• [INPUT MATERIAL]

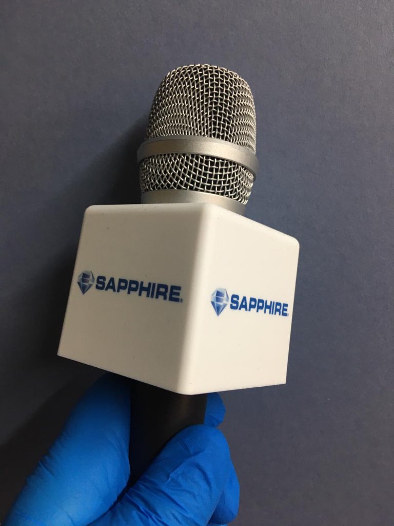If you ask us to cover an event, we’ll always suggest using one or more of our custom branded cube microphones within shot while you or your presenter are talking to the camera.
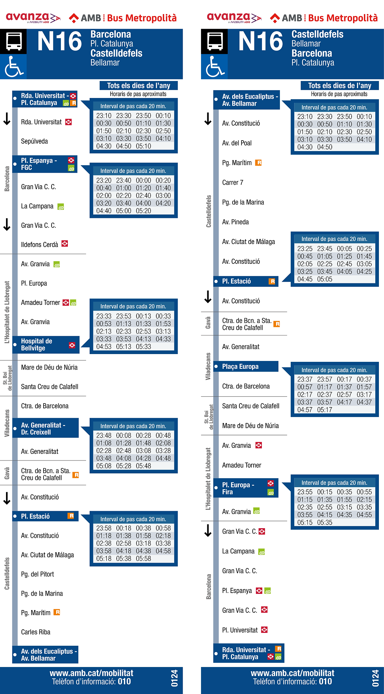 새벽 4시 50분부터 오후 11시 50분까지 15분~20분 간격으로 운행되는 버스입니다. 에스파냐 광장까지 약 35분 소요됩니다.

--

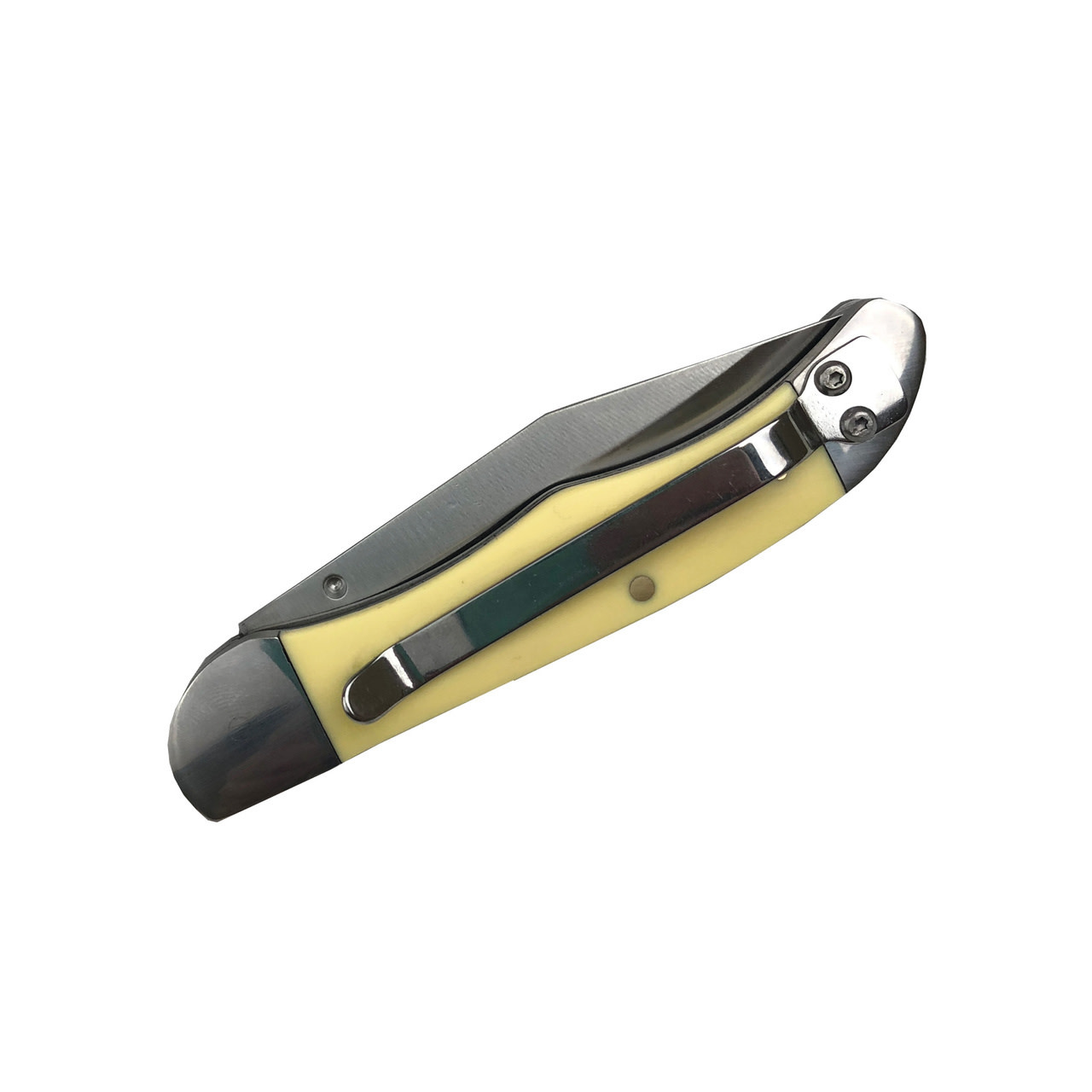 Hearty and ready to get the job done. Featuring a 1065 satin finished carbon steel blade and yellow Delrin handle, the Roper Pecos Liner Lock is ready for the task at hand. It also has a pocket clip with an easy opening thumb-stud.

* * *

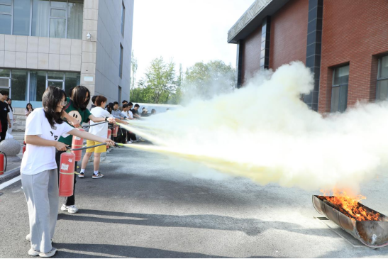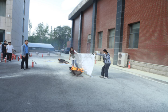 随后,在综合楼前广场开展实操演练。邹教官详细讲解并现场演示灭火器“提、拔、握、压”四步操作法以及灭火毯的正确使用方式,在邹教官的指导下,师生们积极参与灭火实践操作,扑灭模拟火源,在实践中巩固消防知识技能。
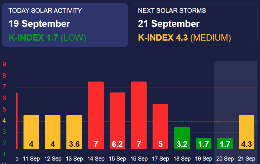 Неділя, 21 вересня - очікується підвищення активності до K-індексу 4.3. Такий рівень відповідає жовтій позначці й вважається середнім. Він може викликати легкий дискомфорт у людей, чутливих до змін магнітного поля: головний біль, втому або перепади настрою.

• [REQUIREMENT]
Using the data above, retype exactly the lines from the line with "If you ask us" to the line with "새벽 4시 50분부터", inclusive. No pictures and nothing else.

• [ANSWER BELOW]
If you ask us to cover an event, we’ll always suggest using one or more of our custom branded cube microphones within shot while you or your presenter are talking to the camera.
 새벽 4시 50분부터 오후 11시 50분까지 15분~20분 간격으로 운행되는 버스입니다. 에스파냐 광장까지 약 35분 소요됩니다.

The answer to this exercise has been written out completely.